Do you use any cleaning tools to remove temporary internet files, spyware or registry files? Here are a couple of cleaning tools that will eliminate junks files.

http://www.vtoy.fi/jv16/shtml/jv16powertools.shtml

http://downloads-zdnet.com.com/3000-2144-10122137.html


----------



## brushmaster1 (Jun 15, 2002)

*Welcome to TSG!*

Go to START>FIND, make sure you are searching "all local hard drives", make sure "include subfolders" is checked, and search for *.TMP, then delete all the files you find.

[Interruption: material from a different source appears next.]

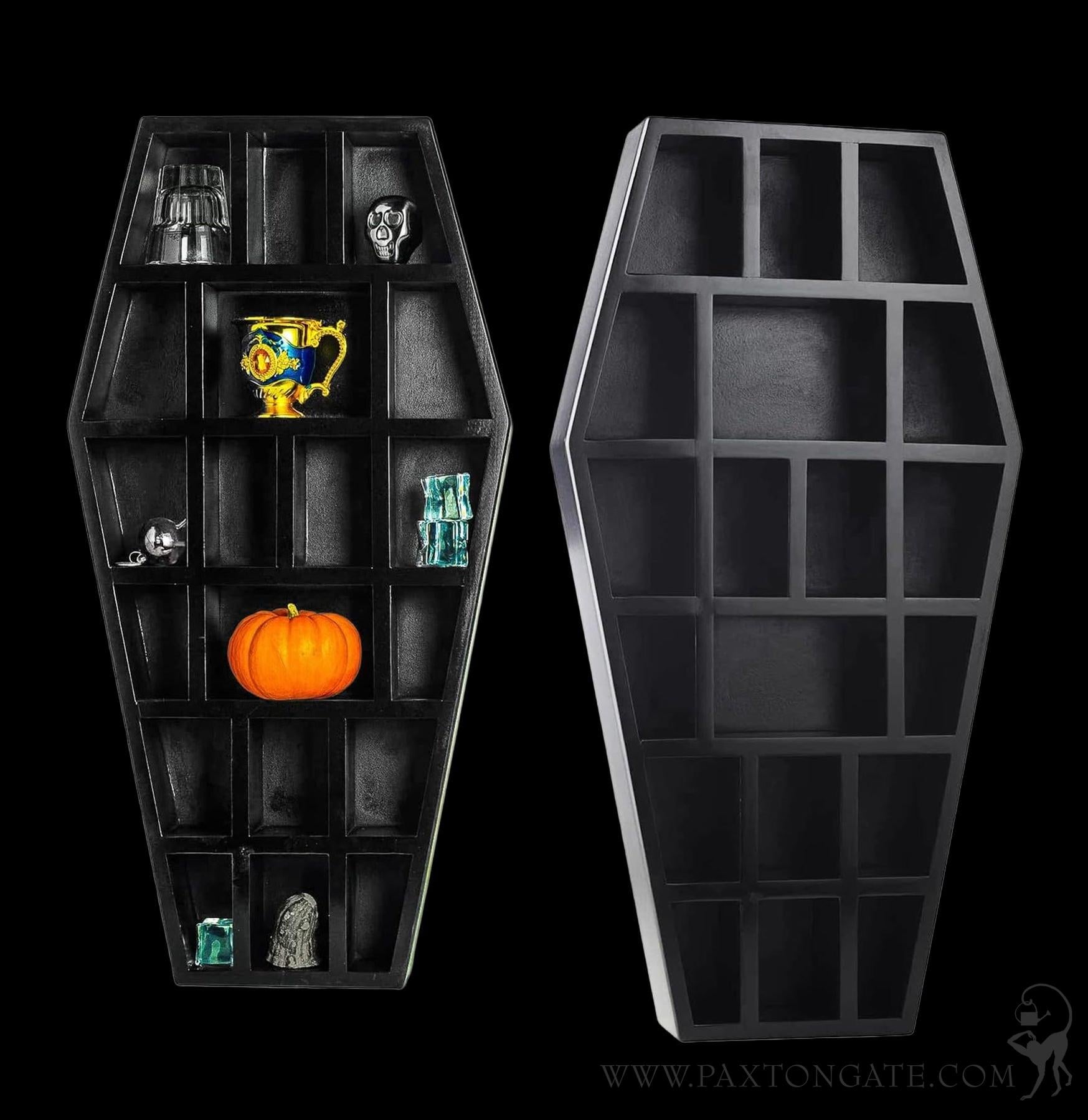 With 19 compartments, this coffin shelf is ready to hold your favorite creepy collectibles, tiny figures, books, or even beauty supplies like lipsticks. It’s the perfect mix of functional and eerie, giving your home the dark and stylish accent it’s been missing.

Next, empty your recycle bin.

If you haven't been doing this on a regular basis, you'll be surprised how much junk can accumulate!

Another way to free up space is to uninstall any programs that you don't use.


----------



## airwalkskate (Mar 28, 2003)

That did it Brushmaster1, I just got back 6.70GB, but if you could help again, I'm having another problem, whenever I start up my computer my background comes up, and the cursor but the cursor isn't a arrow it's a hour glass, and my desktop and taskbar won't appear, even if i let it sit for awhile, i can get everything to appear if i press CTRL+ALT+DEL and go to taskmanger open a certain program and then restart my desktop and taskbar will appear, but i don't think it's suppose to start up like that >.< if you could help with this too, my computer problems would be over for now


----------



## Ethmer (Jul 6, 2002)

You might want to repost your second problem as a new thread. Reason being that some of the people who might be able to solve your problem may have already viewed your initial thread and aren't inclined to come back to it ( about 50 people had viewed this thread as of this posting).

Maybe title it "Cursor problem" or something to get their attention.

Just a thought.


----------



## brendandonhu (Jul 8, 2002)

Take brushmaster1's tip and repeat for the following files to delete more junk

*.bak
*.chk
*.gid
*.fts

Then do 
*.001
*.002
*.003
and keep going until its not finding any more files to delete. Usually you will only have to go to 7 or 8.
Then go to these folders and delete everything in them. Each folder might tell you there is a file in it that can't be deleted, this is normal.

C:\Windows\Temp
C:\Windows\Cookies
C:\windows\temporary internet files


----------



## DERALAAND (Mar 28, 2003)

airwalkskate, by the sounds of it you could use a defrag also. This could take a while but before you do it, set your screen saver to none so there is no interuptions in the process. Everything will run a little smoother after a de frag. Then consider a maintenance prog. that you can set and forget
http://www.executive.com/products/products.asp

But most importantly...Have Fun


----------



## MaggieDee (Mar 30, 2003)

hi there ;

GoJo! i was reading your response and clicked on the link you displayed, now I'm wondering, i have spybot & destroy downloaded. you think i will also need a cleaning tool too? the first link you have with your message...I think i have alot of unwanted files myself in my computer... i just cant recognize them.. also, when I unzip files, can i go to the folder and delete all thats in there? I'm not sure if i am explaining this rite. I hope you understood what I meant, thanks in advance


----------



## griffinspc (Nov 16, 2001)

> _Originally posted by airwalkskate:_
> *That did it Brushmaster1, I just got back 6.70GB, but if you could help again, I'm having another problem, whenever I start up my computer my background comes up, and the cursor but the cursor isn't a arrow it's a hour glass, and my desktop and taskbar won't appear, even if i let it sit for awhile, i can get everything to appear if i press CTRL+ALT+DEL and go to taskmanger open a certain program and then restart my desktop and taskbar will appear, but i don't think it's suppose to start up like that >.< if you could help with this too, my computer problems would be over for now  *


I have some serious doubts here. First you said at the beginning that you were *completely* full. Then you just deleted temp files and the recycle bin and you restored 6 plus GIG's. can't be from natuaral causes.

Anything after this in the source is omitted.